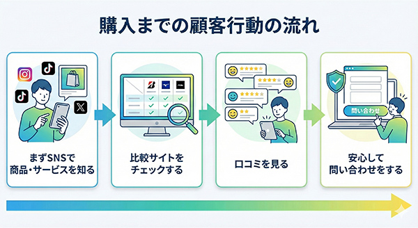 昔は、「検索→クリック→購入」の流れが一般的でしたが、現在は違います。
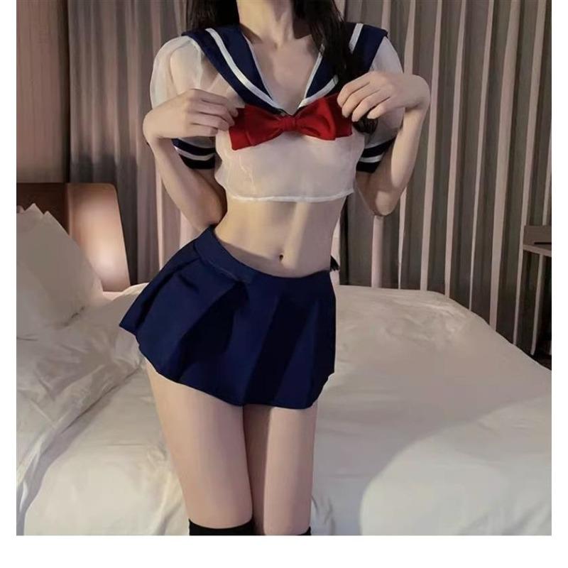Underwear Tight Student Sailor Uniform Transparent Bow Hollow Short Design Sexy Female Sexy Uniform Temptation Set
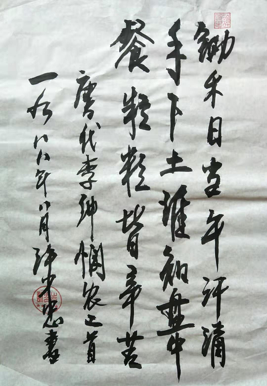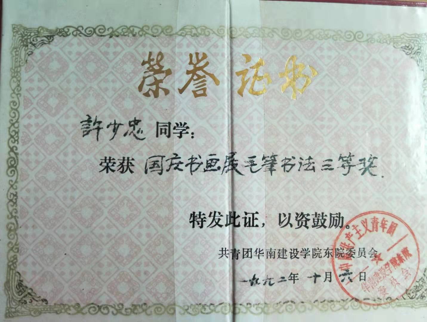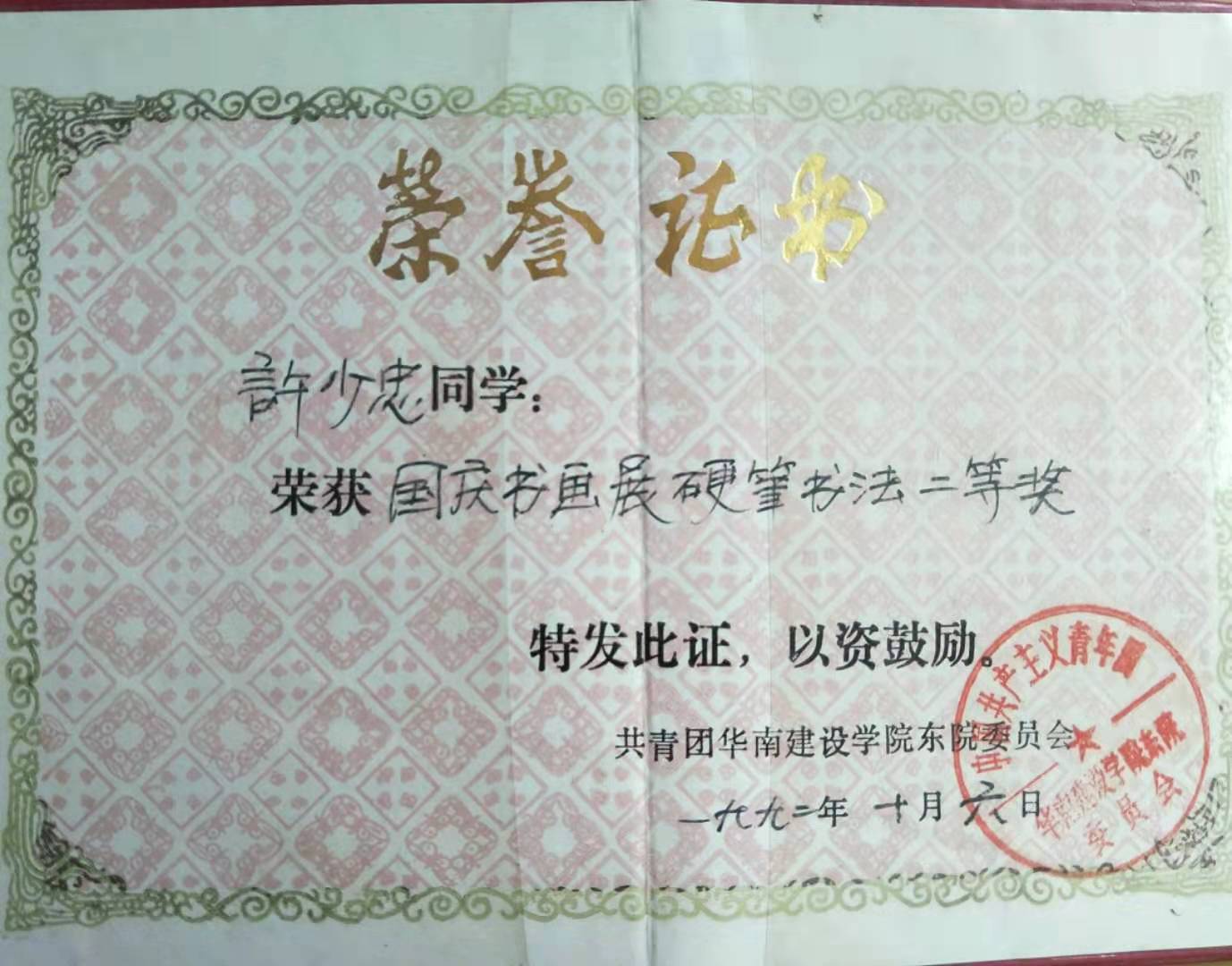 1992年10月,参加华南建设学院东院国庆书画展览比赛, 荣获毛笔三等奖和硬笔二等奖;
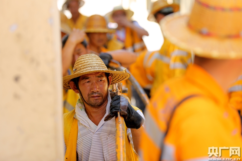高温下两个小时的忙碌,每位工人都汗流浃背。
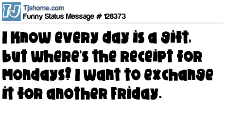 X says I know every day is a gift, but where's the receipt for Mondays? I want to exchange it for another Friday.
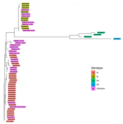 Genotype II was first discovered when comparing the S1 sequences among farmed Atlantic salmon in Chile, and further reiterated with both M2 and whole genome analysis.[21][17] Despite being within one genotype, the sub genotypes IIa and IIb exhibit much higher inter-sequence diversity than do Ia and Ib.

§ §

The task: Would you copy out all the data exactly, without the images?

Task result:
 昔は、「検索→クリック→購入」の流れが一般的でしたが、現在は違います。
Underwear Tight Student Sailor Uniform Transparent Bow Hollow Short Design Sexy Female Sexy Uniform Temptation Set
 1992年10月,参加华南建设学院东院国庆书画展览比赛, 荣获毛笔三等奖和硬笔二等奖;
高温下两个小时的忙碌,每位工人都汗流浃背。
 X says I know every day is a gift, but where's the receipt for Mondays? I want to exchange it for another Friday.
 Genotype II was first discovered when comparing the S1 sequences among farmed Atlantic salmon in Chile, and further reiterated with both M2 and whole genome analysis.[21][17] Despite being within one genotype, the sub genotypes IIa and IIb exhibit much higher inter-sequence diversity than do Ia and Ib.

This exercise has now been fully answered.